Previously, it was reported that Dcr2 also acts antiviral by mediating a signaling pathway that results in the expression of Vago and activates the antiviral Jak-STAT pathway; thereby inhibiting WNV infection in Culex-derived cells [24]. Knockout of Dcr2 would therefore affect two separate antiviral pathways, in contrast to Ago2 knockout. However, the involvement of Vago through Dcr2 activity are an unlikely explanation for the observed results of ZIKV in Ago2 knockout versus Dcr2 knockout cells, as recent results have shown that virus infection is unable to induce Vago expression in Ae. aegypti-derived cells [54].

Similarly to SFV, more PCLV and CFAV specific small RNAs were detected in the Ago2 knockout cells compared to controls. This suggests that the antiviral activity of Ago2 is not only effective against acute infections, such as SFV, but also persistent infections. However, it is yet to be verified if an increase in titer for both PCLV and CFAV is observed within AF525 cells. Further experiments are needed to verify this. However, vsiRNAs against PCLV and CFAV showed an increase in treated AF5 cells, suggesting methylation and biological activity of the vast majority of them. In contrast, SFV4 specific vsiRNAs decreased, indicating that a lower percentage of them were methylated and thereby biologically active. Overall, a higher proportion of PCLV-specific vsiRNAs were detected in AF525 compared to AF5 cells.

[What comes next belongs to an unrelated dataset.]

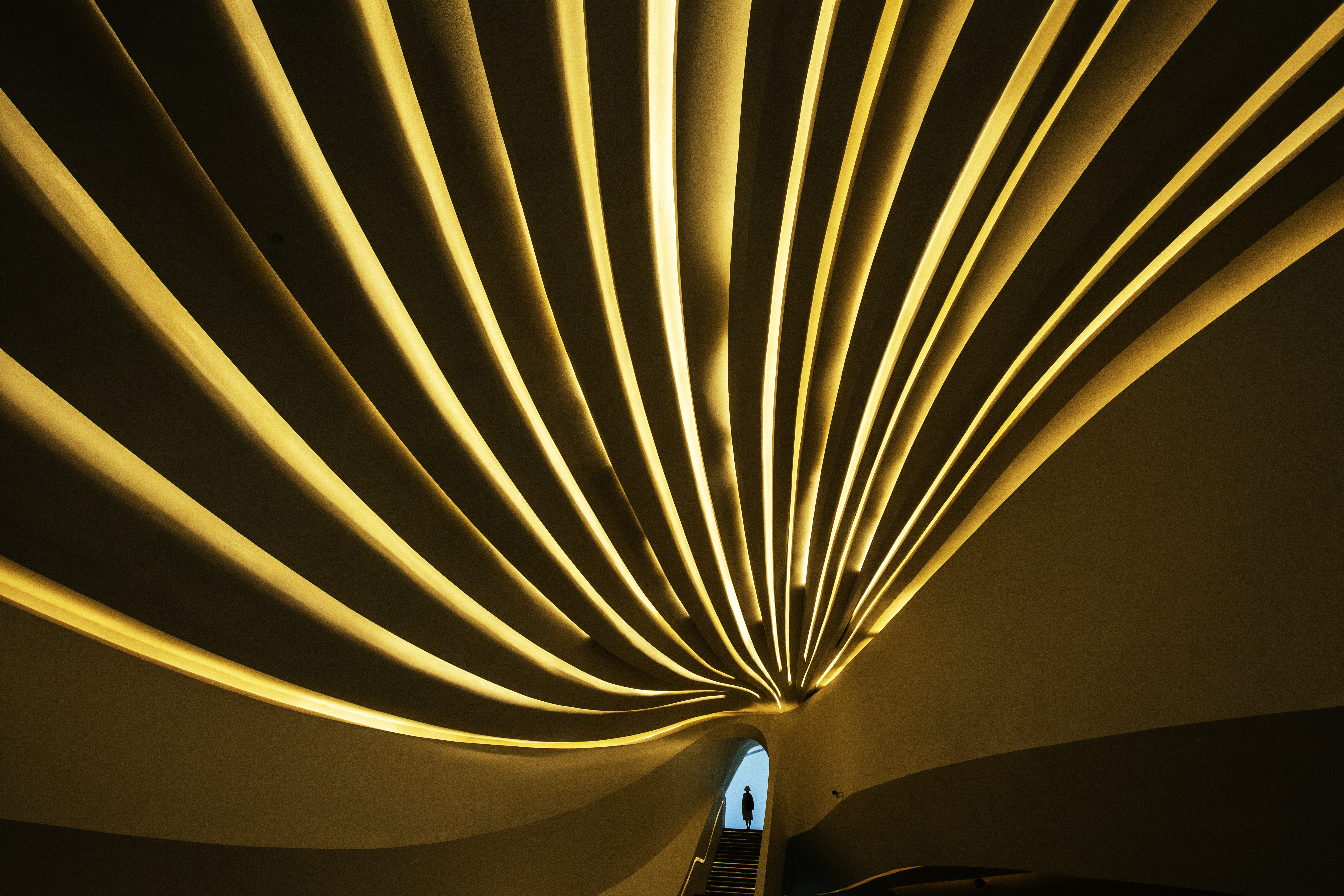 長(zhǎng)沙市梅溪湖國(guó)際文化藝術(shù)中心大劇場(chǎng),充滿魅力的光影造型,動(dòng)感十足,給人美的享受。

Whether this points towards Ago2-independent methylation of 21 nt vsiRNAs derived from the S- and M-segment, while those derived from the L-segment are methylated in an Ago2 dependent manner, remains elusive. It is currently unknown if the lower expression rate of the L-segment could have attributed to the production of less dsRNA substrate. This is yet to be investigated.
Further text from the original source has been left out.